After this, she returned to Brisbane, where she moved into a share house and resumed her Bachelor of Arts degree at UQ.
“The path to recovery was really, really hard. A lot harder than being sick. It is like you claw back in fits and starts,” she told me. “I think you have to just dive in sometimes, though. I moved out of home and lived with mates and returned to uni and started working. Adding more to your plate just makes you rise to the challenge.”
Phoebe went on to study a post-graduate degree in Law, where she excelled and was offered a prestigious judge’s associateship upon graduation with a judge of the Supreme Court, a position that she held for two years. She has spent the last year working at a community legal centre in Perth, offering free legal assistance and working with disadvantaged clients. She feels passionate about social justice causes and derives inspiration from her work.
“I relate to them and I also think I feel so fortunate to have received so much good will in my time that I really enjoy working for the community.”
Phoebe has also worked with the charity Youngcare, which brings attention to the plight of young people living with disabilities. Although she is characteristically self-deprecating about her charity work, it is clear that it is important to her.
“I also often visit new amputees in hospital. It is good to go in and for them to see what an amputee looks like down the track and see that you can be active and happy despite the loss. It also makes me appreciate how far I’ve come.”
In the years following Phoebe’s discharge from hospital, she met and married the love of her life, Ben Young. She credits him as one of her biggest support systems, alongside her friends and family, and there is no doubting that she is happy. Despite the ongoing frustrations that she faces, Phoebe believes she is very lucky.
“There isn’t really anything I can’t do. I think if my 18-year-old self was told you will be married to a lovely and smart and funny boy and working as a lawyer when you are 30 I would have been like “sweet dude”…. Because we all talked like punks back then.”
Behind this story, there is a point; a motivator, a moral, a reason. Phoebe’s story is one that deserves to be heard, and why? Because it is inspirational. It is a testament to the strength of human beings, a touching story of survival against the odds that contains a jolting message to myself, and anyone else who complains about their overly hot coffee: things could be worse.
But Phoebe maintains that words like inspirational and amazing do not apply to her.
“I don’t know why, but I think that word ‘inspirational’ is not really suited to me,” she confided in me.
“It kind of makes me gag. It connotes that I am at a loss or suffering or battling. Usually people say, “I don’t know how you do it” when they say ‘inspirational’. If anyone was put in my shoes they would do the same thing. You just do it. I would rather someone call me kind or cool or smart or giving or funny or good-looking! I feel good when someone I know tells me they are proud of me and proud of my achievements.”

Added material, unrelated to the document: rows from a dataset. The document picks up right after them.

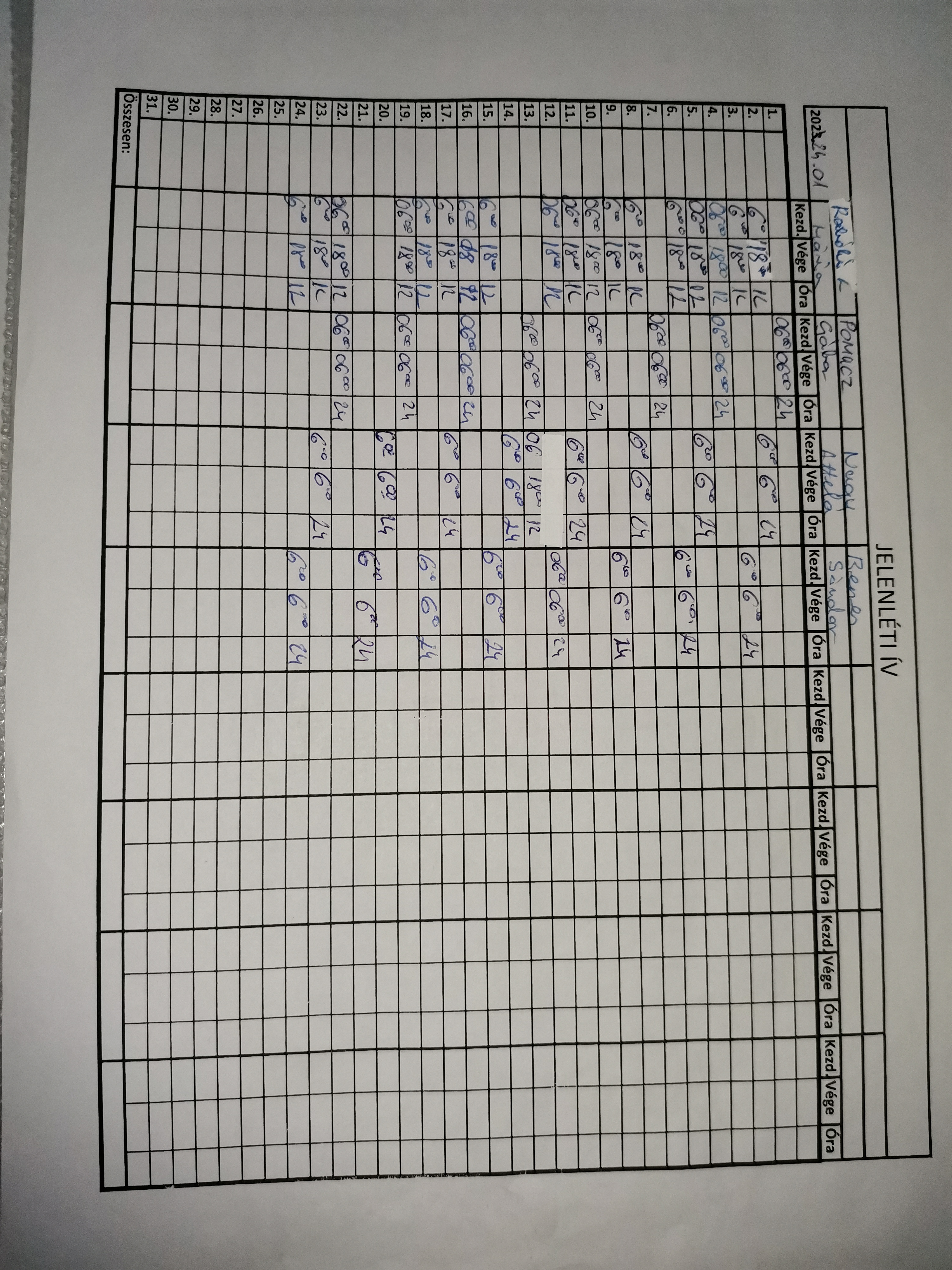 | A munkaidő nyilvántartás (jelenléti ív) vezetése | Megfelel |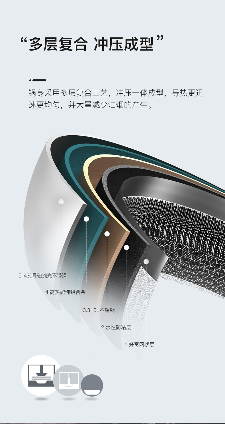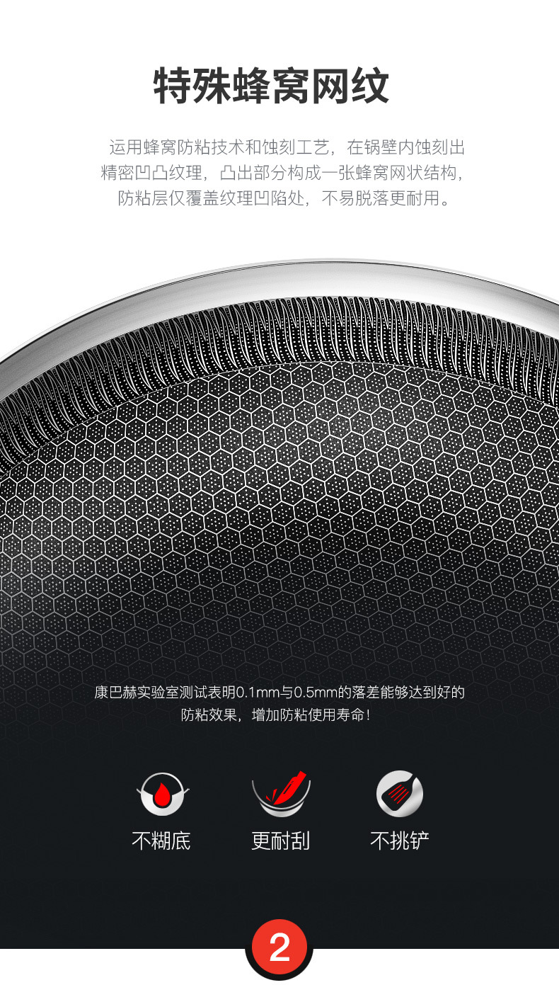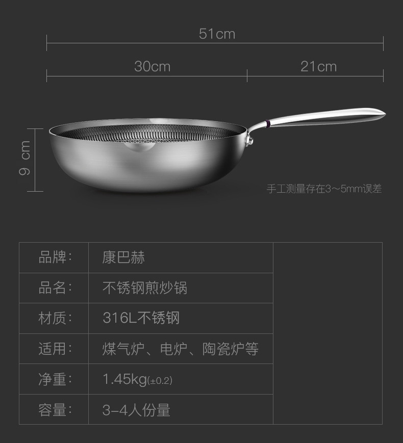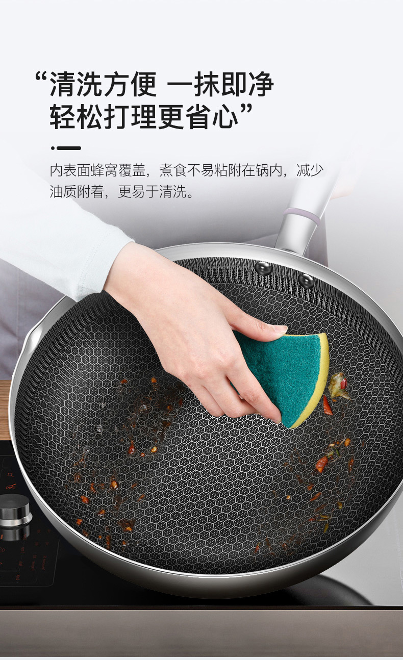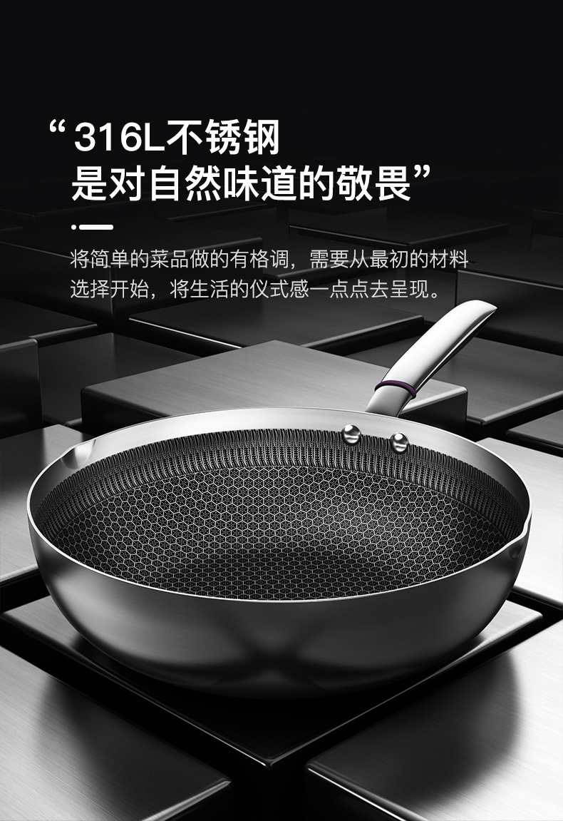 (可定制)康巴赫悦厨版316L不锈钢防粘炒锅家用大容量煎蛋炒菜锅
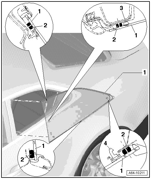 - Press the new window in with the securing pin on the C-pillar and then insert it in the window opening and secure it to the B-pillar using adhesive tape.
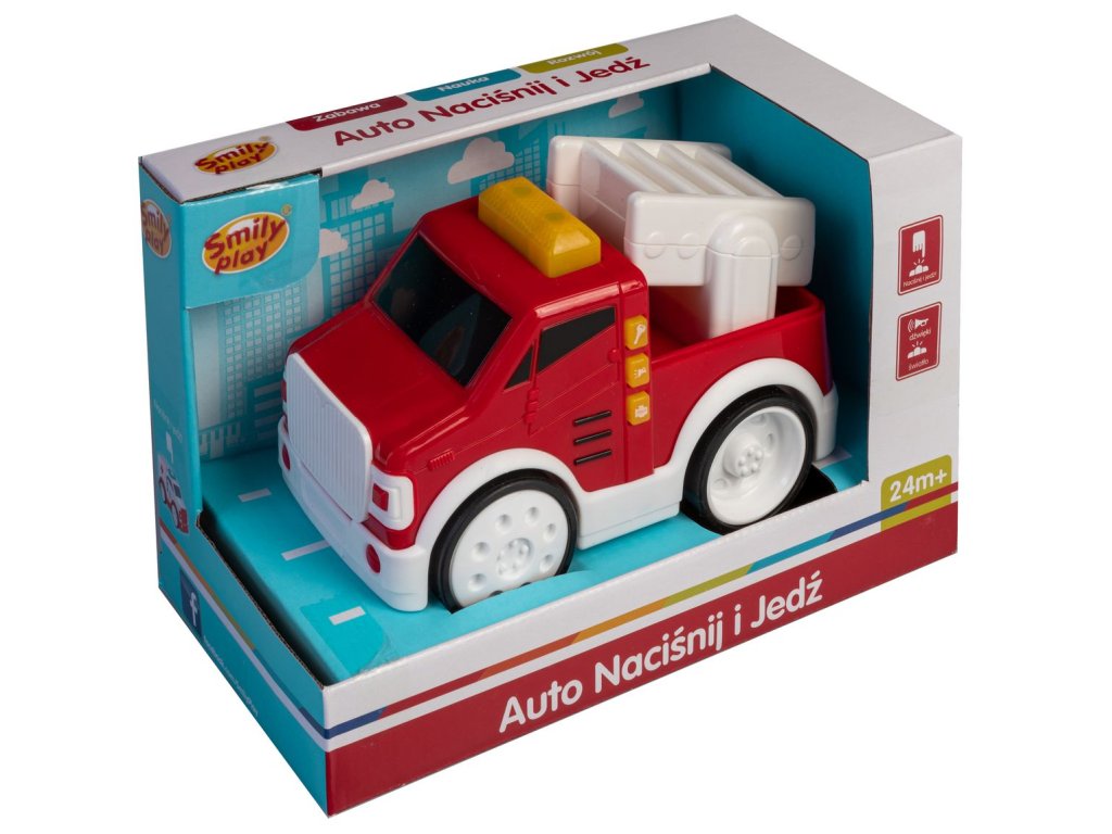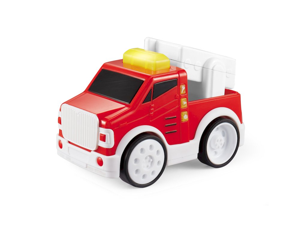 Hasiče lze uvést do pohybu stisknutím tlačítka na střeše. Aktivizující hračka, která dítě povzbuzuje ke hře. Má 3 funkční tlačítka. Každé tlačítko vydává jiný realistický zvuk: zvuk motoru a dvě sirény záchranného vozidla na silnici.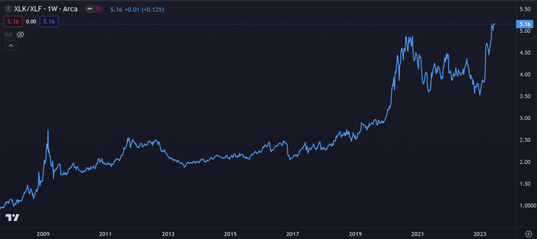 The ratio of XLK megacap tech to XLF financials performance is at record highs.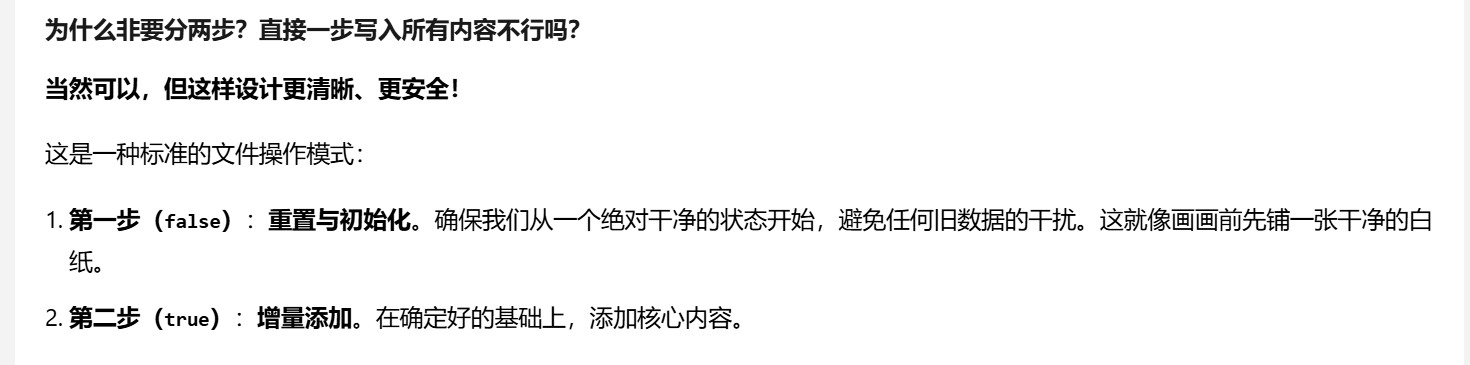 //的作用是向指定文件写入一行文本,并且由于第三个参数是 false,它会清空目标文件的原有内容。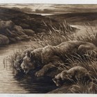 Herbert Dicksee - Peace (Lions on a Riverbank), etching on vellum, signed in pencil, published by Frost & Reed circa 1906, 35cm x 57cm, within a gilt composition frame.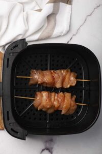 Keep in mind that if you don’t soak the wooden skewers ahead of time, the wood could burn in the air fryer. Soak them for up to 30 minutes before use.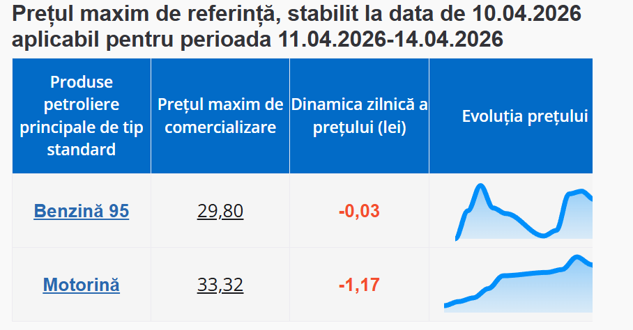 Astfel, conform datelor publicate de Agenția Națională pentru Reglementare în Energetică, în perioada 11 – 14 aprilie, litrul de benzină va costa 29,80 lei, cu 3 bani mai puțin decât astăzi. Totodată, prețul motorinei va scădea cu 1,17 lei, ajungând la 33,32 lei/litru.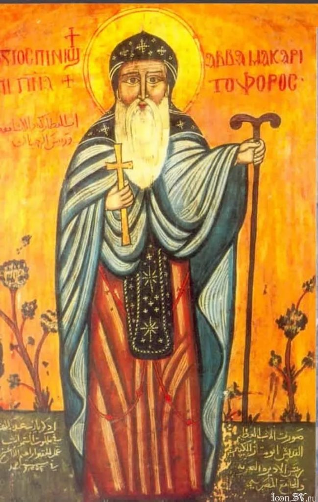 Saint Macarius the Great of Egypt was born in the early fourth century in the village of Ptinapor in Egypt. At the wish of his parents he entered into marriage, but was soon widowed. After he buried his wife, Macarius told himself, “Take heed, Macarius, and have care for your soul. It is fitting that you forsake worldly life.”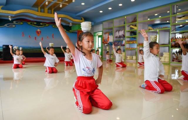 7月4日,達(dá)爾罕茂明安聯(lián)合旗蒙古族幼兒園的孩子正在練習(xí)蒙古族特色舞蹈。新華社記者 連振 攝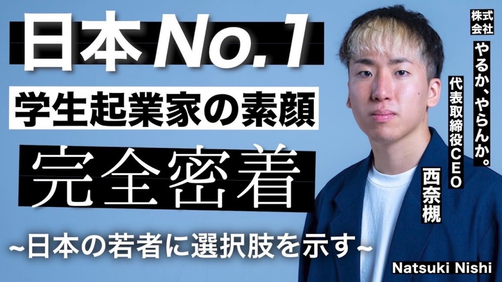 その名は、西奈槻。のちに 株式会社やるかやらんか を創業し、「やるか、やらんか。」という強烈な哲学を世に放つことになる若き起業家である。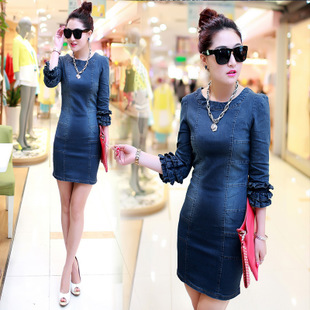 一件代發(fā)新款春裝 時尚韓版修身花瓣袖淺藍色牛仔連衣裙女裝短裙 /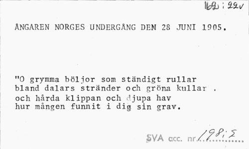 //// ÄNGAREN NORGES UNDERGÅNG DEM 28 JUNI 1905. //// "O grymma böljor som ständigt rullar bland dalars stränder och gröna kullar . och hårda klippan och djupa hav hur mången funnit i dig sin grav. //// jöVA ccc. nr ////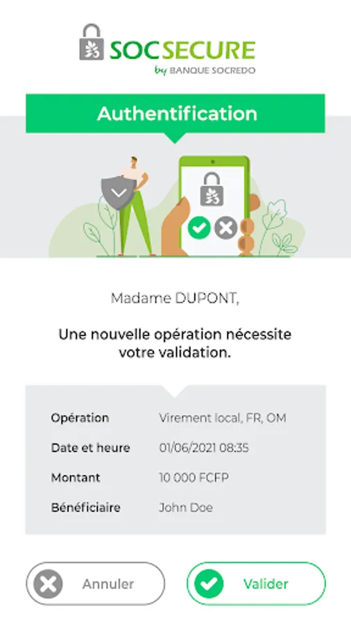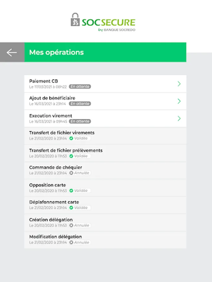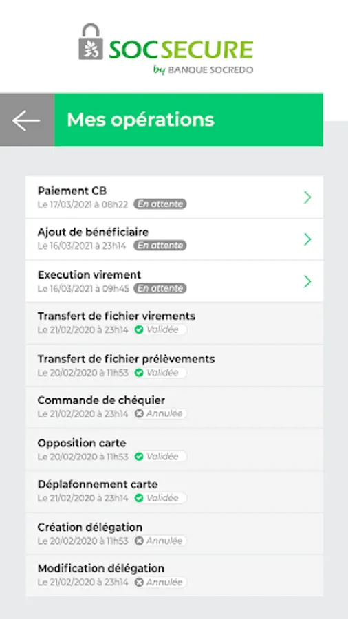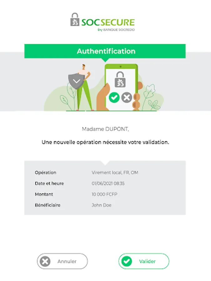 -validate your sensitive operations carried out on the WEBSOC customer area or the SOCREDO mobile application,

Perhaps, then, the greatest thing we can take from Phoebe is to endure what life will serve us, and to move on. She has chosen not to dwell on her experiences. She has moved on from her story, and now, so will we. I think my sister Carly summed it up best:
“I have learnt from her that some things matter, and some things don’t; whether it be friendships, objects, jobs, arguments, achievements – treasure the important ones, and forget about the rest.”